Sidney Nolan, Island, 1947, 77 x 105 cm, Ripolin on hardboard, © Trustees of the Sidney Nolan Trust
Nick Yelverton is Assistant curator at Australian art, Art Gallery of New South Wales, Sydney, Australia
"Sidney Nolan’s enigmatic Fraser Island series continues to unfurl and intrigue seventy years after it was painted in October 1947. Following the completion of his first Kelly series in mid-1947 Nolan ventured north to Queensland, seeking a break from Melbourne and new subjects to paint. After learning of Fraser Island at Heide, and reading about the shipwreck of the Stirling Castle in 1836 and the legend of Eliza Fraser and David Bracefell, Nolan decided to visit twice that year. Fraser Island made a significant impression on Nolan. He wrote to patron John Reed: “I doubt I have given a good picture really of the island, it has been more intense than I have written; the psyche of the place has bitten me deeply and I feel involved with it in a way that I cannot explain easily …”.

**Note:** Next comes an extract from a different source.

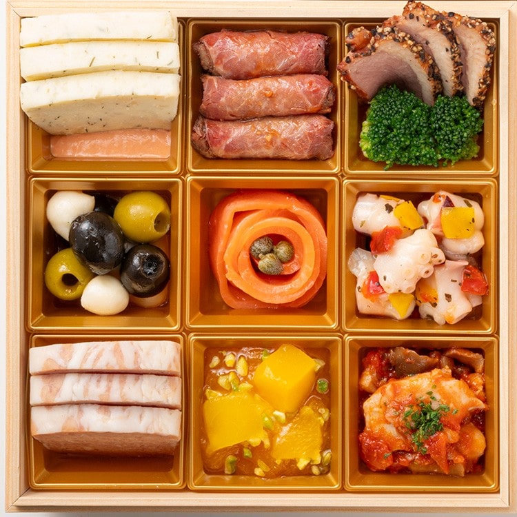 和洋中バラエティに富んだ食材を、シェフ監修のもと仕上げました。オリジナルレシピも入れ込み、彩り鮮やかに。元旦を祝うにふさわしいおせちです。
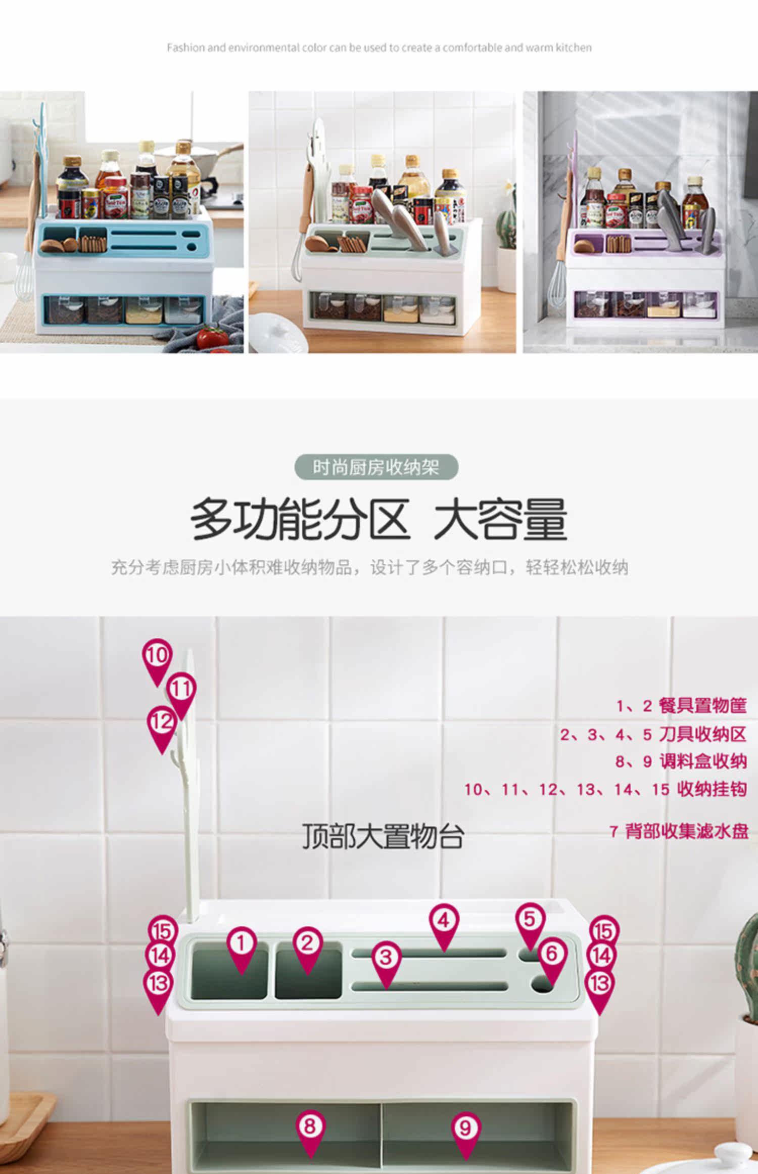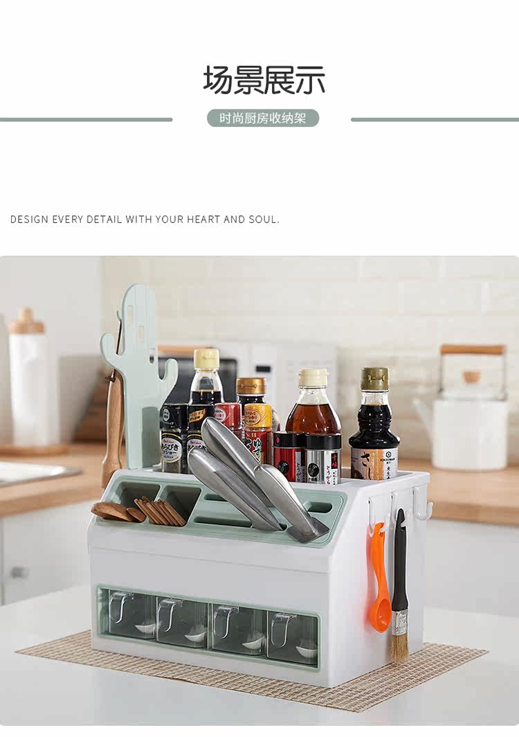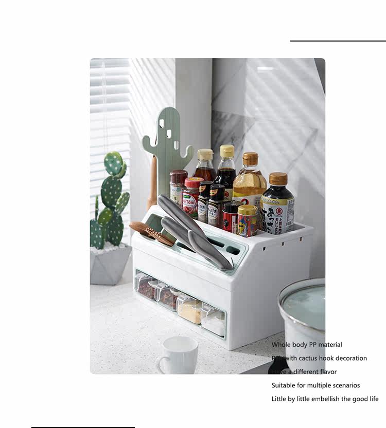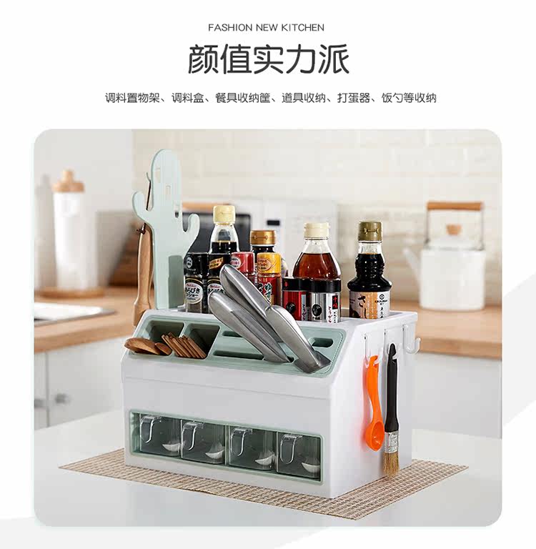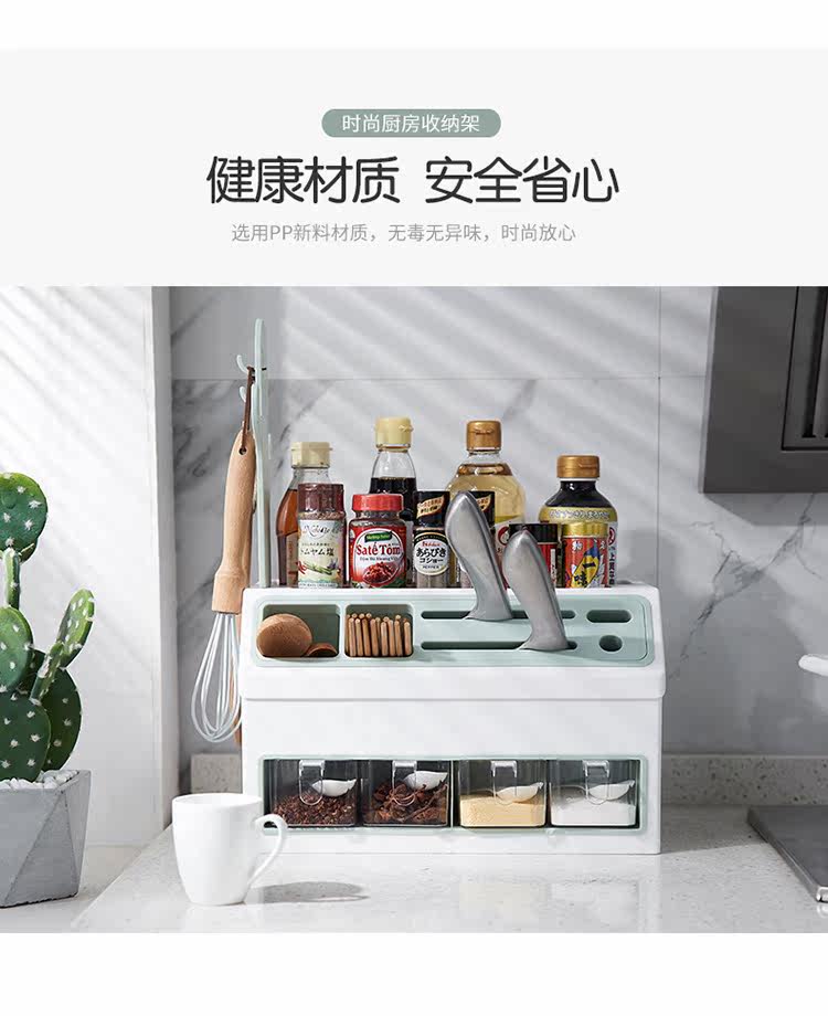 - Двойной стойку для приправы с двойным льдом и синим цветом [держатель ножа + палочки для еды и хранение ложки]

On his second trip, Nolan painted twelve works on Masonite probably procured from an abandoned army building and later received bad press for his perceived misuse of precious building resources following the war. Island, one of five known surviving works from the series, provides an insight into Fraser Island’s “psyche” which Nolan failed to describe in his letter to Reed but managed to channel into his existentialist imagery. Pictured is a lonely, naked man stood ominously in either a beach or creek on the island. According to Nolan, this figure was “modelled” on a forester named Norm who he had boarded with, however, this subject’s identity was never disclosed by the artist.
Appearing like a lost soul in a watery grave, we are led to believe that this fellow is a perished crew member aboard the Stirling Castle, or Bracefell still reeling from his alleged betrayal by Fraser, who reported the escaped convict to the authorities, even though he had rescued her in exchange for a pardon. Knowing Nolan’s penchant for drawing upon his own tumultuous personal circumstances in his work, this man could also be an allegoric depiction of his brother Raymond, who had drowned whilst serving in the navy at Cooktown in 1945, or even the artist. We will probably never know – and that is what makes this painting so alluring. Island is currently on show at the Art Gallery of New South Wales as part of a commemorative Nolan display celebrating what would have been his 100 birthday."